Your output should be the lines below from the one holding "광석골 파크골프장을 지나" through the one holding "工人日报:2026年黑龙江省工业机器人职工职业技能大赛启动", transcribed exactly, with no pictures.

===== Records for this exercise =====

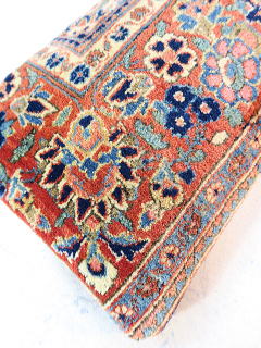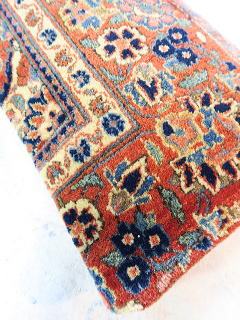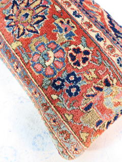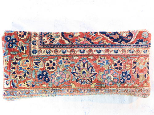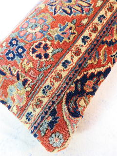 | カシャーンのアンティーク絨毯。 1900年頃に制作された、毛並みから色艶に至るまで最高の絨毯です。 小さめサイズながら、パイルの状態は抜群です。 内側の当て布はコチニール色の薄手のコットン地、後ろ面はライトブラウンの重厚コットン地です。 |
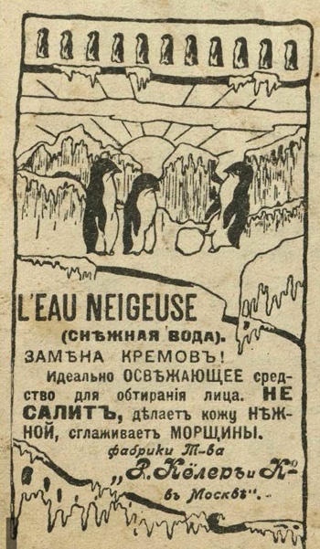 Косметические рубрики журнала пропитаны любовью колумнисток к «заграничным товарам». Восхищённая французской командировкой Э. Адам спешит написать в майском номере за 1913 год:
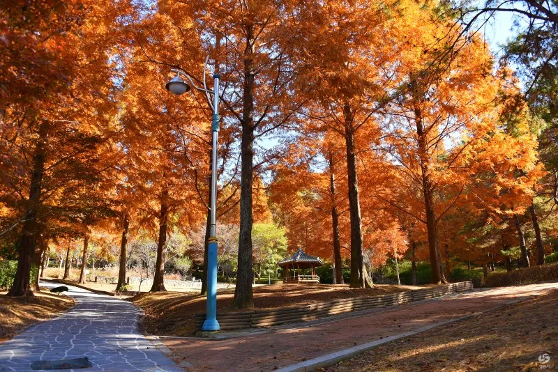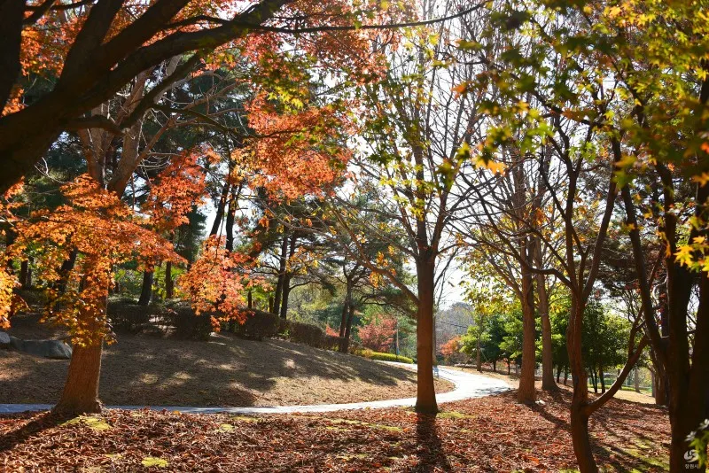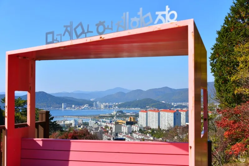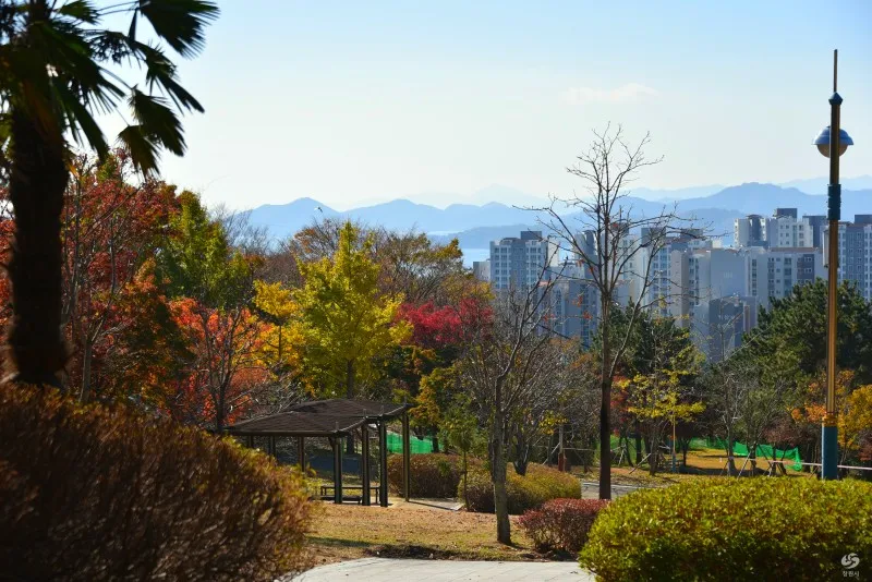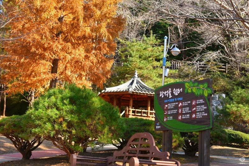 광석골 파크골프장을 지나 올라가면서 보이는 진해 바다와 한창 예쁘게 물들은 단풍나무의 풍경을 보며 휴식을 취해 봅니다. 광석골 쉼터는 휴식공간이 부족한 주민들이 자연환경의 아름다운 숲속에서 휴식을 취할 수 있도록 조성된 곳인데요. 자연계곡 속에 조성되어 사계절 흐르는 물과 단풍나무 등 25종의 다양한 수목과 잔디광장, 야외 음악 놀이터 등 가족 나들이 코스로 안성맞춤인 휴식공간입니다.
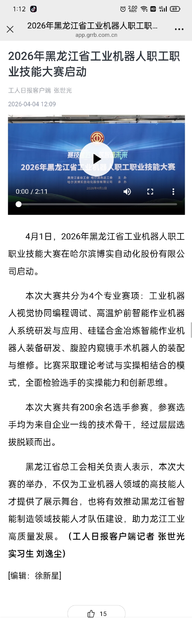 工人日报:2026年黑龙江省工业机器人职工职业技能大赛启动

=====
===== Records for this exercise =====

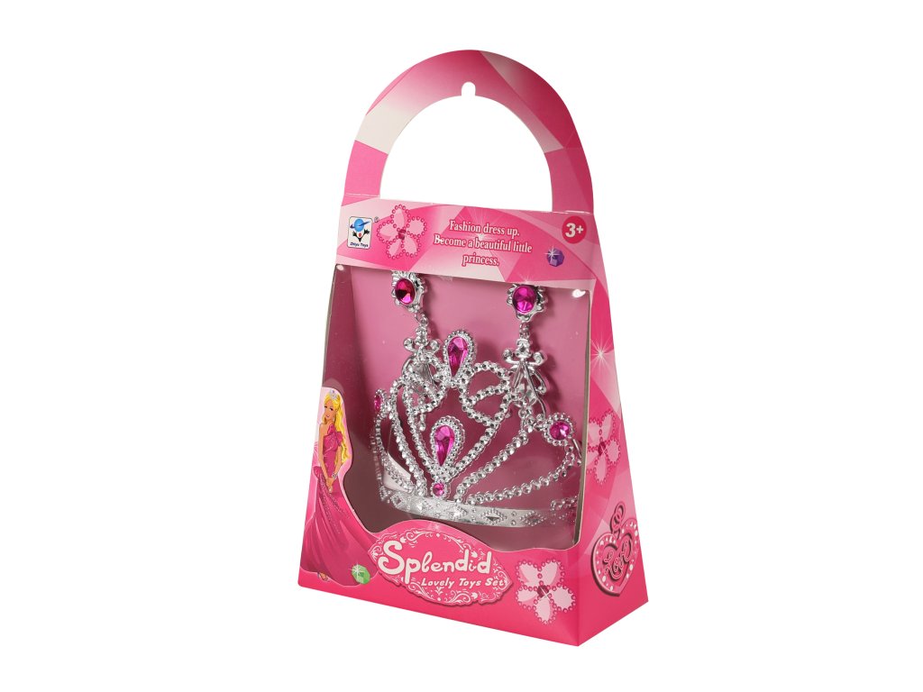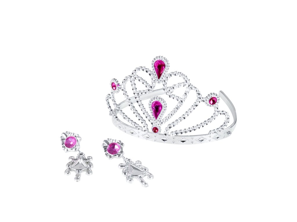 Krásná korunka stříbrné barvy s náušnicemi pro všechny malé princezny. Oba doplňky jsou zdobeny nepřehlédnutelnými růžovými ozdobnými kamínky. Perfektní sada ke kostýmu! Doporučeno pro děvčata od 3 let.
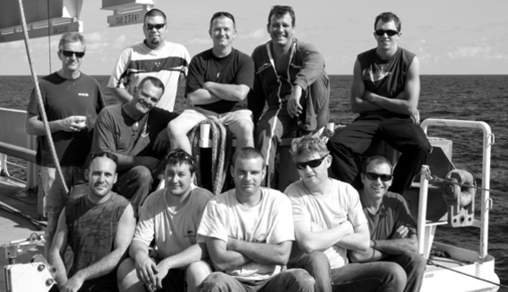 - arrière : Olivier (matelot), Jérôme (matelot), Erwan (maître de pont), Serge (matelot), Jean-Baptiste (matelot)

=====

| Reply to the exercise |
 광석골 파크골프장을 지나 올라가면서 보이는 진해 바다와 한창 예쁘게 물들은 단풍나무의 풍경을 보며 휴식을 취해 봅니다. 광석골 쉼터는 휴식공간이 부족한 주민들이 자연환경의 아름다운 숲속에서 휴식을 취할 수 있도록 조성된 곳인데요. 자연계곡 속에 조성되어 사계절 흐르는 물과 단풍나무 등 25종의 다양한 수목과 잔디광장, 야외 음악 놀이터 등 가족 나들이 코스로 안성맞춤인 휴식공간입니다.
 工人日报:2026年黑龙江省工业机器人职工职业技能大赛启动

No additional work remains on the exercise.